И, поведав о своем знакомстве, Штокосов неожиданно подумал о том, что в один прекрасный день он увидит рядом с Надей какого-нибудь лучезарного супермена, — и тогда прощай даже это случайное знакомство.
— Ведь это последняя улыбка, — пробормотал он, ошеломленный неожиданным ходом мысли. — Последняя улыбка молодости, если можно так пышно выразиться…
— Н-да, незавершенный сюжетец, — пристально и почему-то строго посматривая на него, как будто подумал вслух Журбахин. — Честное слово, финал меня настораживает.
И очень выразительно вздохнул.
Лунцов тоже вздохнул и покачал головой, наверняка обеспокоенный историей, не имеющей конца.

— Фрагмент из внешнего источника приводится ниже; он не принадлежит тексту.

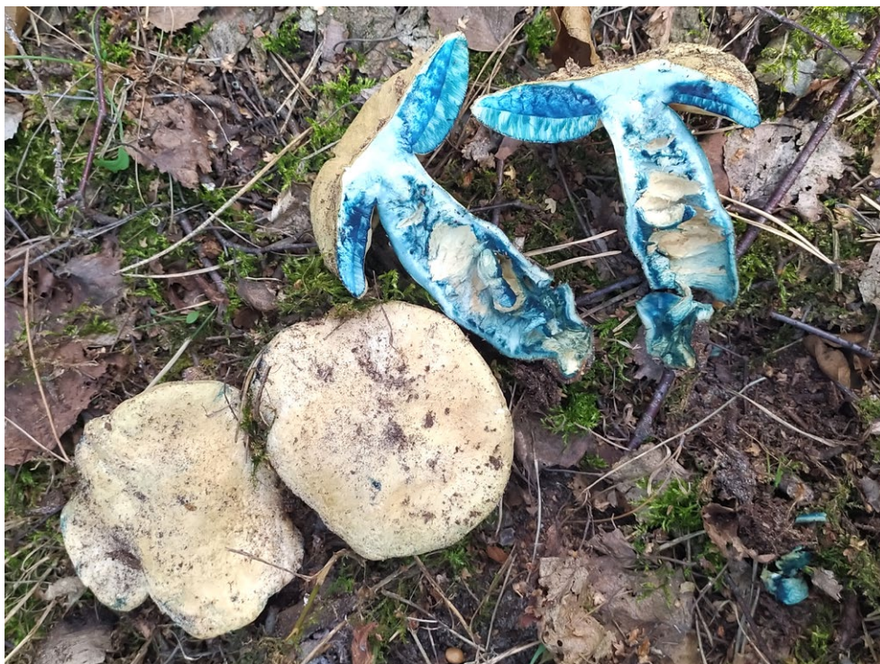
Fot. 13. Owocniki piaskowca modrzaka Gyroporus cyanescens [WA0000168047], 28.08.2024.
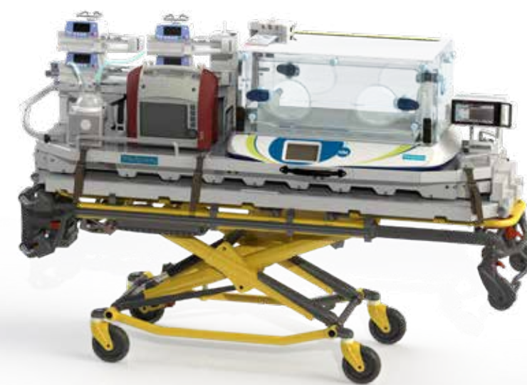
Hélipréma : transport hélicoptère
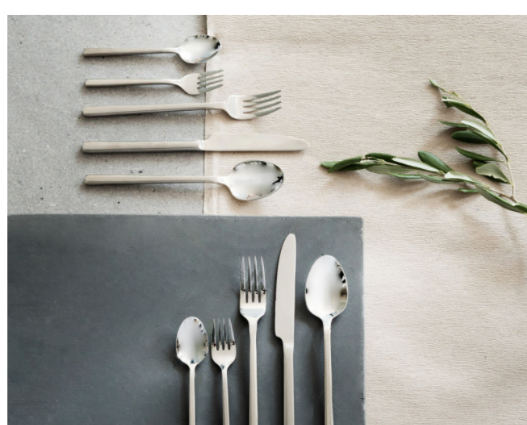
Besteck aus Edelstahl.

Diese beinhaltet neben Tablett, Kerzen, Laternen und Kerzenleuchtern natürlich auch Geschirr, Besteck und Gläser. „Unser Porzellan ist New-Bone-China, und die Gläser haben Kristallin-Anteil“, erzählt Delia Fischer. „Es ist doch immer so: Es gibt Basics – und Basics: schöne weiße T-Shirts und eben weniger schöne. So ist es auch mit Windlichtern, Stoffservietten und Besteck.“

И хотя Штокосову удалось перехватить полный значения взгляд одного из приятелей, брошенный на другого приятеля, Штокосов уже никак не мог развеять тревоги, этой незваной гостьи, вдруг посетившей стол «Три пенса». Да и не собирался Штокосов успокаивать друзей и врать что-нибудь приятное, опровергать то, что на протяжении двух лет складывалось в странную историю. Он даже нашел совсем невероятное: появись вдруг где-то за толстым стеклом бара Надя и улыбнись нежно, приветливо — и он тотчас метнулся бы за ней, покинул бы лысеющих королей. «Да ведь она и появится там, у «Новослободской»! — с каким-то упоением припомнил он. — Появится и улыбнется. И пусть незавершенный сюжетец, пусть! Не в этом дело. Появится и улыбнется…» И он, повинуясь причуде своей и зная, что сейчас уже ничто не сможет удержать его за столиком «Три пенса», приподнялся поспешно, точно опасаясь, что его опять усадят за стол, и, улыбаясь застенчиво, поделил торопливо свои деньги поровну, как ему показалось, сунул, комкая, свои бумажки в карман и принялся твердить, все еще улыбаясь и особенно преданно глядя на приунывших приятелей:
— Два часа! Два часа вы меня ждите. Два часа веселитесь без меня. Если не появлюсь через два часа — можно по домам. Но все-таки ждите. Два часа!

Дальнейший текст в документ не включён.